John Fugelsang is not a biblical scholar, historian, or theologian, but he interviewed several of them in the process of assembling this book, and his acknowledgments include some familiar names. Within each of those themes, he gives some background for the controversies within that theme, and also lists typical claims made by Christian nationalists, and suggests responses. I'm guessing that you would already have anticipated many of his recommendations, but this book doesn't take a reader's familiarity with the Bible for granted. One of the good features of this book is its value as an introduction to the depth of biblical resources for justice, grace, mercy, and radical love. And in the process, he comes up with some flashes of insight that may delight you as much as they did me.

Fugelsang anticipates that his audience will include all sorts of readers, including people altogether outside Christianity, and Christians who don't share some of his interpretations. Here's how he explains his purpose: 

[The book is] ... a guide to everything the haters got wrong. It focuses on Christianity through the teachings of Jesus, known to some as the "red letters" of the bible. And it'll show that if you're debating an authoritarian Christian on almost any subject that divides us, Jesus probably has your back. Whether you're a believer, agnostic, or atheist, whatever you think about politics, you're going to have to deal with these people at some point. they want to control the level of freedom in US society based on how they pick and choose from the Bible. It's going to be increasingly vital to dismantle their supernatural authority by elegantly pointing out that they don't really follow this Bible they claim to base their lives on. And you'll be surprised at how good it feels, too.

Personally, I hope I'm not in this conflict simply because it feels good to one-up anyone, but there's nothing wrong with modest confidence in one's desire to uphold the reputation of the Gospel. A related note: Fuglesang is, among other things, a comedian, and I sometimes find his jocularity a bit off-putting. (Note the subtitle!) Maybe you won't. It doesn't diminish the book's usefulness. However, at times it introduces a bit of dissonance when, on the one hand, he proposes excellent guidelines for pursuing dialogue in a courteous and receptive spirit, but then he himself uses some spicy nicknames for the people he's helping us oppose.

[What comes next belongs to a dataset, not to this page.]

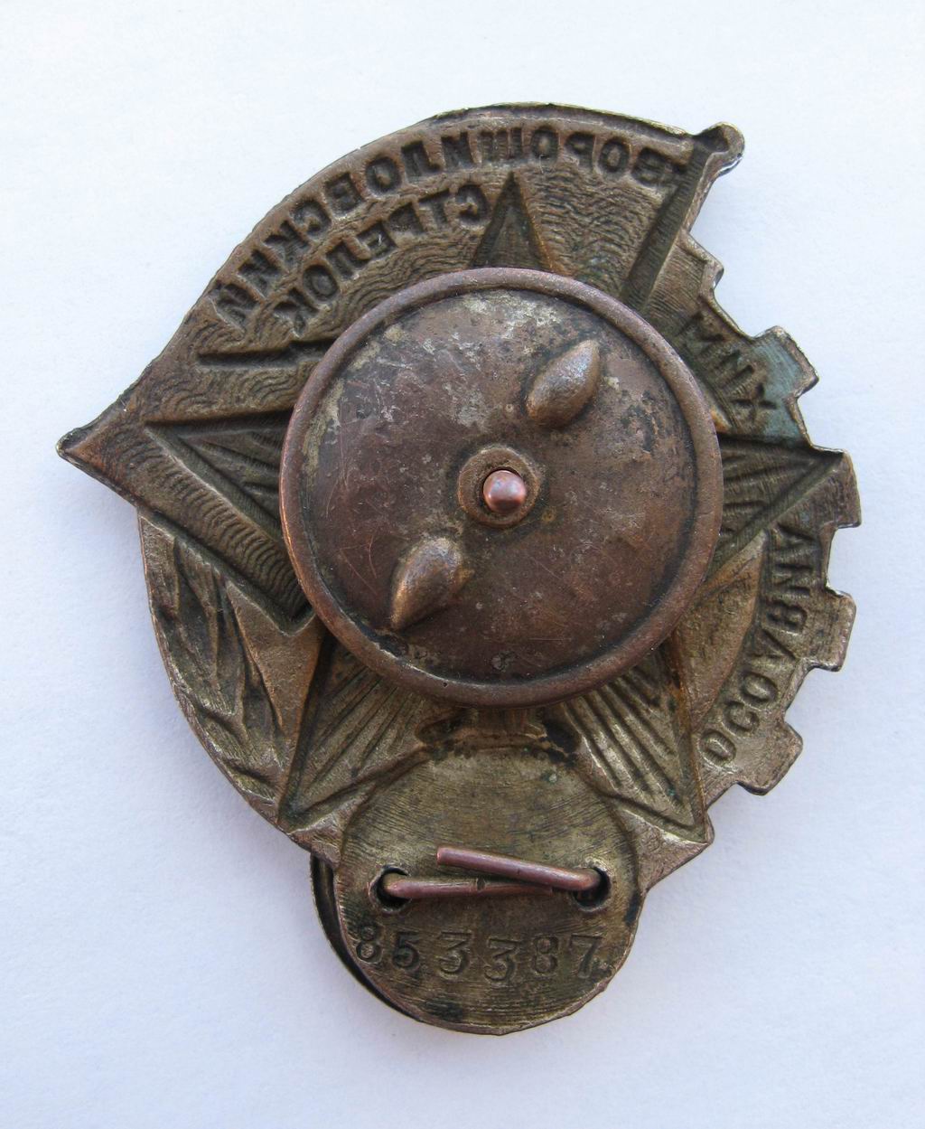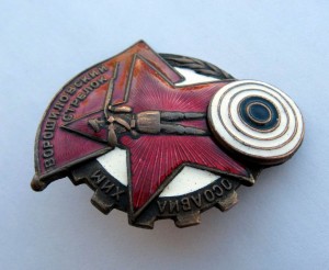 Ворошиловский стрелок, 1-й тип - 1932-1934 гг. Размер 42 х 50 мм. Накладная мишень. Винт крепится на пятке. Красивый, большой знак. Отличное состояние! Немного погнут винт, резьба в порядке, гайка родная, не проскальзывает.

On balance, yes, I'm glad I have it.


Here's the review that appeared in Friends Journal. And in Popmatters.


Peter Wehner's urgent take: "American Christians Face a Choice: The faithful can still repair the wreckage they have wrought."

Lindsay Winslow Brown on the Pentagon's religious affiliation codes.

Becky Ankeny, "Lifting the Weight." ("What Big Bad John did for the miners reminds me of what Jesus does for us every one of our days.")

Kristin Kobes Du Mez on defining evangelicalism—what interests her about this theme, and what doesn't.


From a bootleg album of J.B. Hutto and the New Hawks performing in Warsaw in 1982: "Rock Me Baby." (Audio only. Listen to the enthusiastic crowd!)